The question of whether it only works on small requests seems key. I think folks who have meaningful info in headers (such as some of our users) could easily have more than 4KB. Do you have any other suggestions? Shall we (our team here) see if we can come up with any alternative that meets the general requirements that you've outlined?

gufertum commented 2 years ago

As I understand this problem, this prevents many users to just use traefik as a plugin-proxy, because it ALTERS the headers. There is a ton of software which is using case-sensitive headers and a transparent proxy should not change them...

denandz commented 4 months ago

For additional context - There are currently multiple intercepting HTTP proxies which are affected by this issue, including goproxy and martian, plus all the various tools built on these libraries.

When building intercepting proxies for security testing or logging, net/http ends up modifying header data as discussed in this issue and others. I understand that the clients/servers which require specific header canonicalization are not RFC compliant; however, their compliance aside these clients cannot be tested by net/http based tooling.
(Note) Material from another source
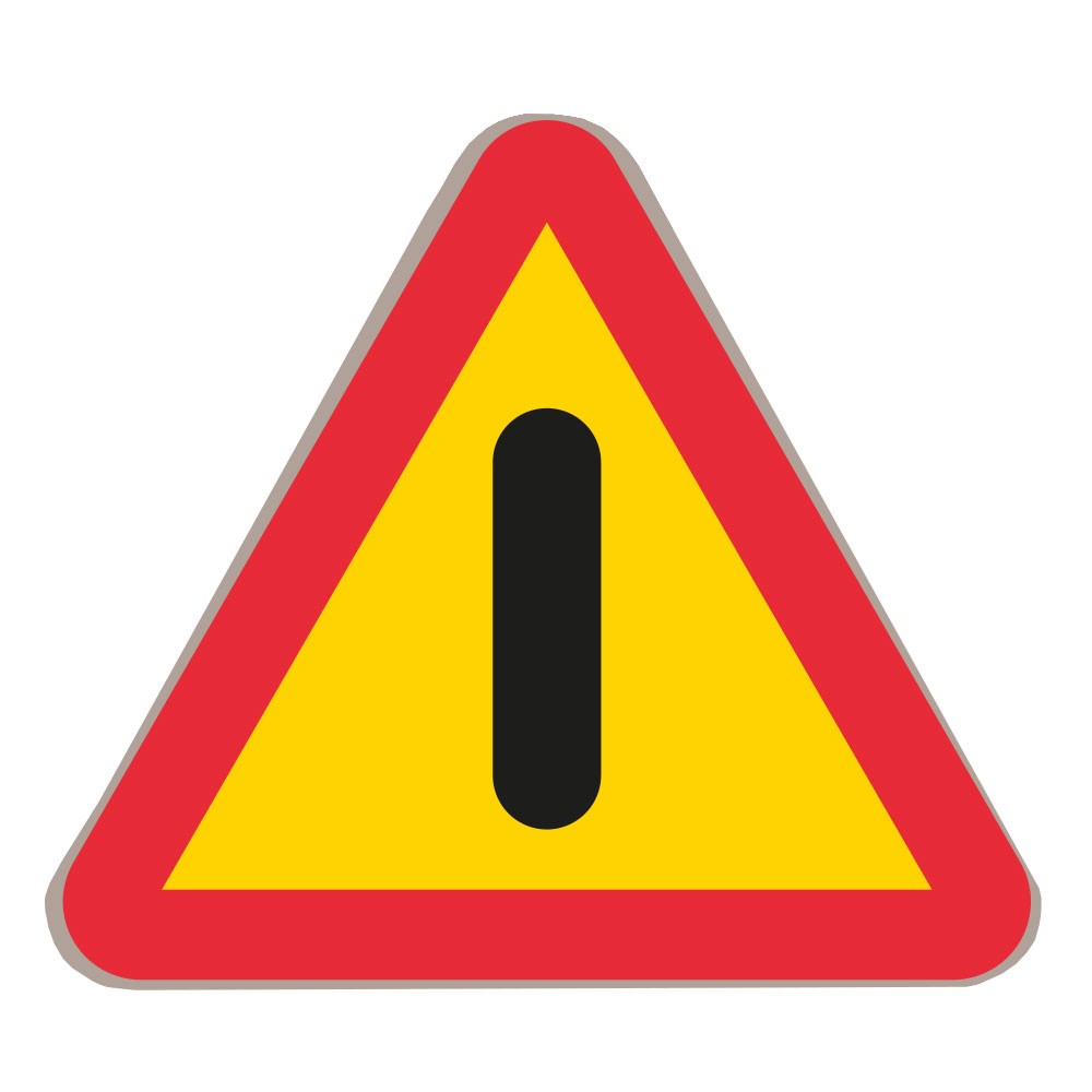 A40 Varning för annan fara, stor plastskylt. Märket anger en annan fara än sådan som kan anges med något annat varningsmärke. Farans art anges på en tilläggstavla.

For example, attempting to use glorp proxy (based on Martian) to test a mobile application recently lead to issues as the client required specific capitalisation. Fixing the third-party mobile application to become RFC compliant was not feasible - and instead the testing had to be completed using a non-Go based intercept proxy.

denandz commented 2 months ago

For my use-case I was able to work around this issue with some semi-sketchy binary patching. I don't suggest anyone use this approach, at least not without significant testing, but it worked to sort out my specific issue: https://pulsesecurity.co.nz/articles/golang-patching

klarose commented 1 month ago

Brad,

Regarding HTTP/1:

I feel like I've replied to this a number of places, but I'll summarize here as well.

  • HTTP/2 makes this whole issue moot. So this bug only matters for HTTP/1<->HTTP/1 interactions, which becomes less relevant with each passing month.
  • Code that's sensitive to HTTP/1 header case is already broken; catering towards such code implicitly encourages such brokenness or at least allows it to continue, without providing pressure on those applications to get fixed

As such, any fix here must have super minimal cost, both in terms of API surface (cogntitive load cost, reading more godoc) and runtime cost (we shouldn't allocate or populate a new data structure with this info unless the calling code opted in to wanting that). Notably, we can't change the representation of http.Header at this point.

Four years since you posted this reply, browsers still use HTTP/1.1 for websockets. Given the slow trickle of issues referencing this one, HTTP/1 vs HTTP/2 is starting to smell a bit like IPv4 vs IPv6. While we'd prefer to focus on the relatively modern version of a protocol, there are still compelling reasons to continue supporting the old one.

I don't disagree with your point that this should be something low-touch and low-impact, particularly when not opting in. What would it take to get something actually moving towards a solution here? Those of us who have hit this issue are somewhat stuck.

I can think of a whole bunch of options to solve this, with various trade-offs. For example, for my purposes I would be fine if I could look up the original case of the every header key so that I can decide what to send when proxying a request by just mapping the keys to the old case post-processing. I can probably live with the corner case of there being repeated headers pre-normalisation. But, I imagine that wouldn't suffice for other use-cases.

For what it's worth, I ran into this because a websocket server we're proxying to is doing a case-sensitive lookup of Sec-WebSocket-Key, which ultimately breaks the websocket handshake. We do not have any control over the server, so we can't influence it to do the right thing. We're left with figuring out a way to maintain the case sent by the browser, but http.Server stands in our way.

We could certainly just patch up this particular key, but I'm sure we'll find other instances of this problem, so a general solution feels appropriate.